EXERCISE DETAILS: Retype, word for word, the lines from the first line of the entries through the line that holds "Etykiety ostrzegawcze 500szt."; leave out the pictures.

Dataset records:
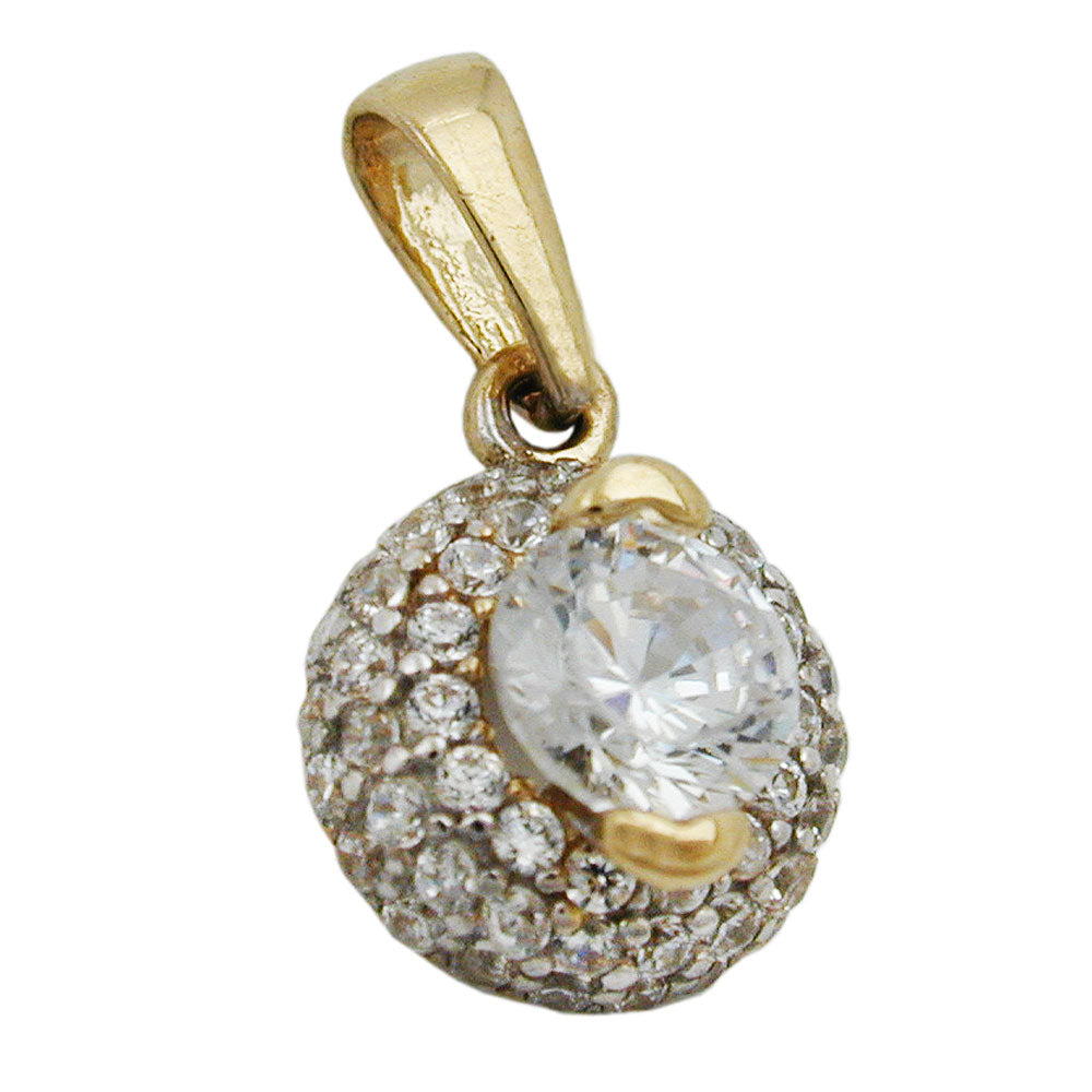 A beautiful 9mm gold pendant in 375 yellow gold (9 carat), crafted to the highest jeweler's standards. A large white zirconia is framed by a triple wreath of sparkling zirconias, each set using micro pavé or micro settings. A universally wearable, small, understated pendant that could become a favorite for your favorite jewelry.
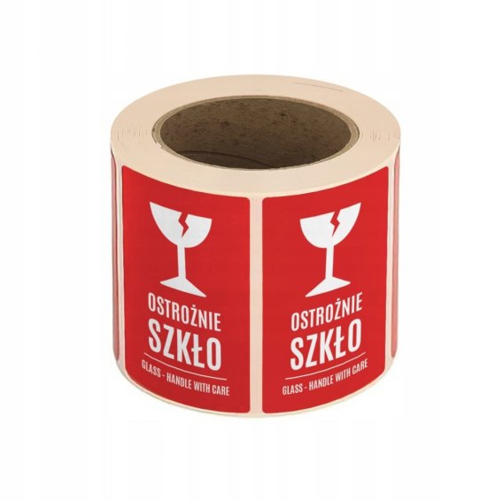 Etykiety ostrzegawcze 500szt. OSTROŻNIE SZKŁO 50×80
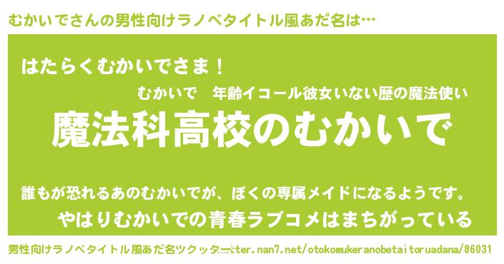 | 女子向けラノベタイトル風あだ名 | 『むかいでなんてお断りですっ。』 |
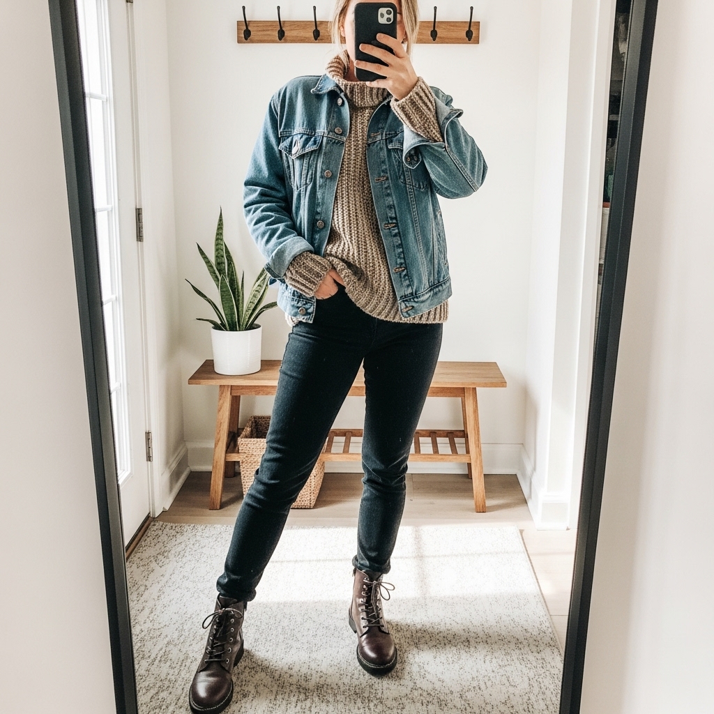 A denim jacket worn over a chunky sweater is a classic fall combination. Pair with black jeans and lace-up boots for a balanced city outfit. The layering keeps you warm while still looking effortlessly cool. A backpack or tote makes this outfit practical for long days in the city.
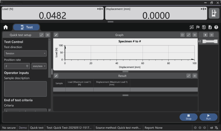 12. Specimen protection: When Online, click to remove initial force on specimen caused by gripping
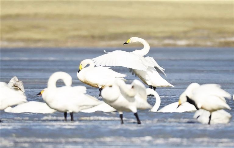內(nèi)蒙古湘鄂豫晉陜六省區(qū)黨報(bào)聯(lián)動(dòng)聚焦?jié)竦嘏c候鳥生態(tài)保護(hù)—— 看小天鵝北飛,游神州大地“天鵝湖”
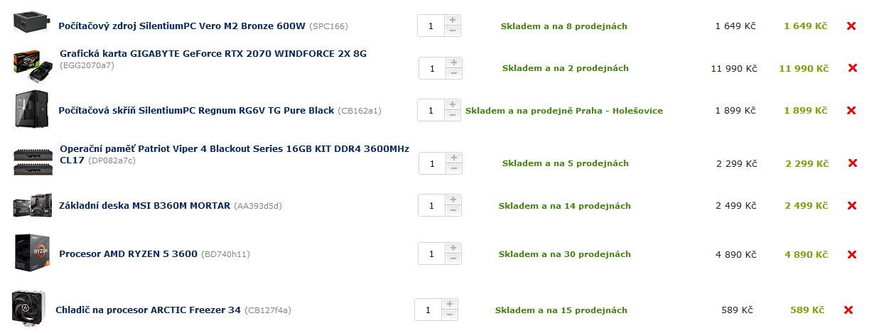 zdroj bych vzal ověřenej (jak už tu ostatně bylo navrhováno), deska je pro Intel 1151, čipset B360 (mATX by navíc v tej průhlednej bedně vypadala divně) a RTX 2070 můžeš vzít klidně o litr levnějc...
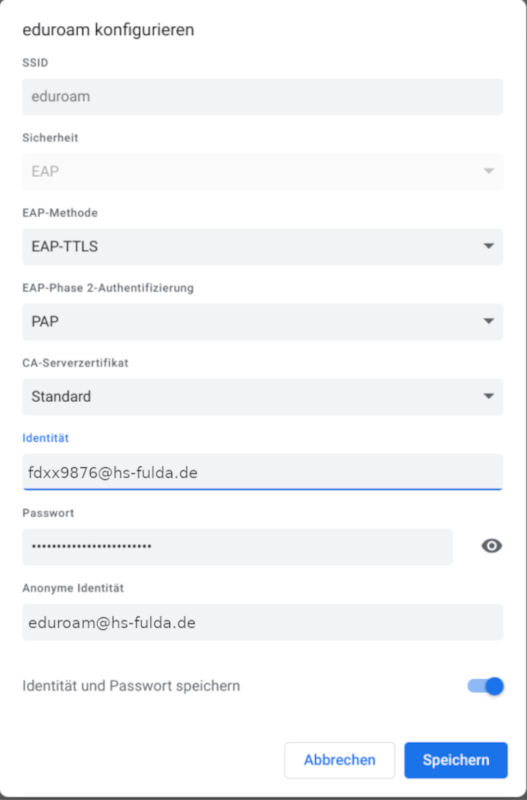 Wechseln Sie in die Netzwerkeinstellungen, wählen eduroam und stellen Sie sicher, dass die Einstellungen wie in Bild 2 festgelegt wurden.
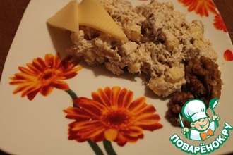 Нарезать мясо кусочками и выложить в салатник, сделать сеточку из майонеза.
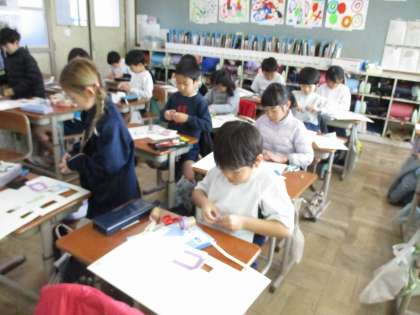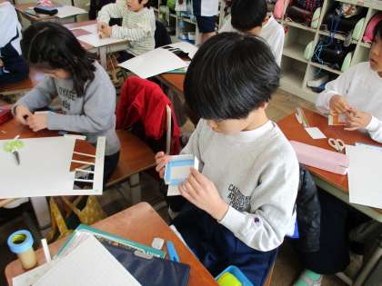 算数科「はこの形」の学習で、工作用紙を使ってはこづくりを行いました。どんな形の面がいくつあるのかを考え、工作用紙に面の形をかきて、切り取った面をテープでつなぎ合わせました。どの面をつないだらうまく箱をつくることができるかよく考えて学習を行うことができました。
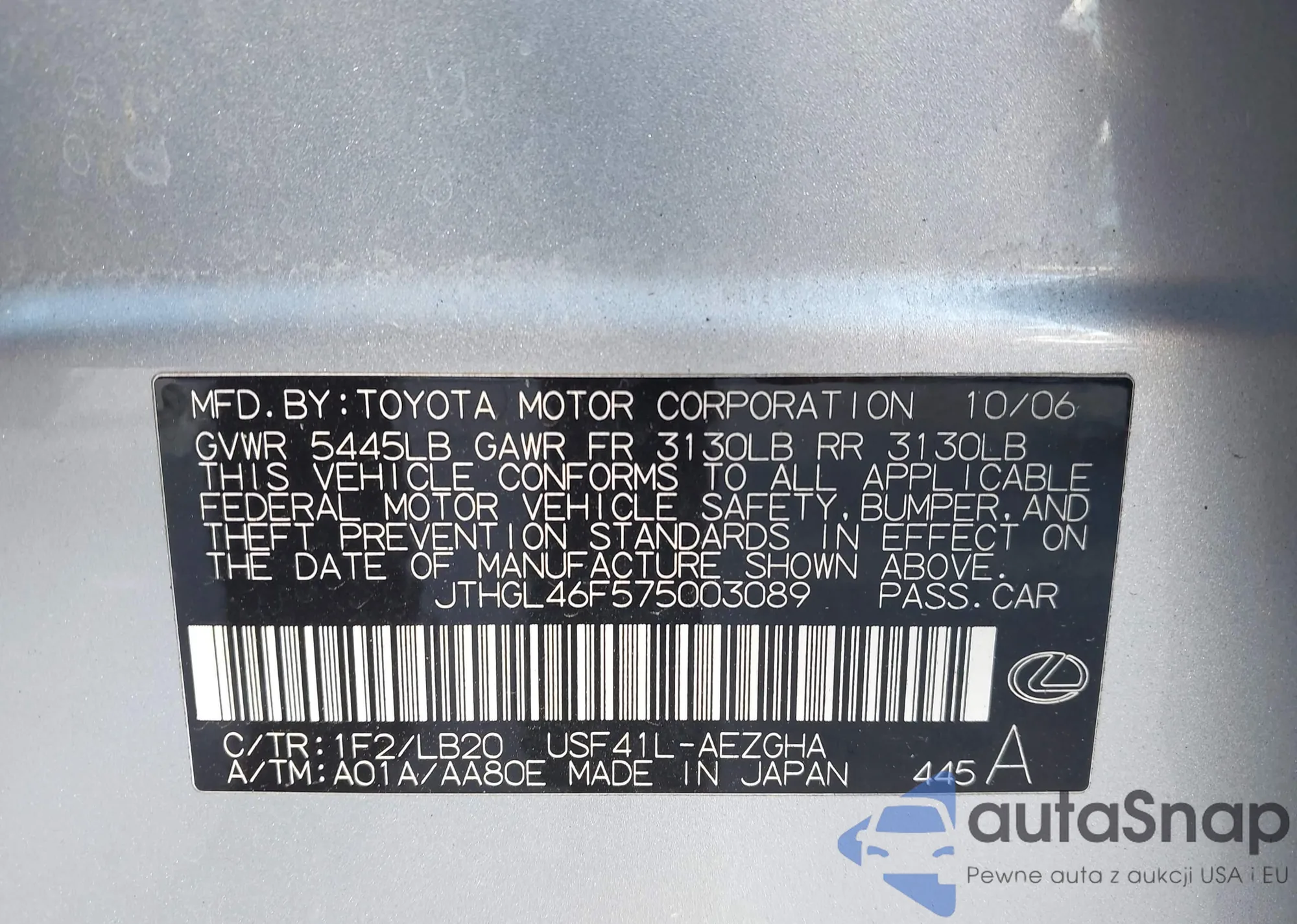 • VIN JTHGL46F575003089

RESULT OF THE TASK:
 A beautiful 9mm gold pendant in 375 yellow gold (9 carat), crafted to the highest jeweler's standards. A large white zirconia is framed by a triple wreath of sparkling zirconias, each set using micro pavé or micro settings. A universally wearable, small, understated pendant that could become a favorite for your favorite jewelry.
 Etykiety ostrzegawcze 500szt. OSTROŻNIE SZKŁO 50×80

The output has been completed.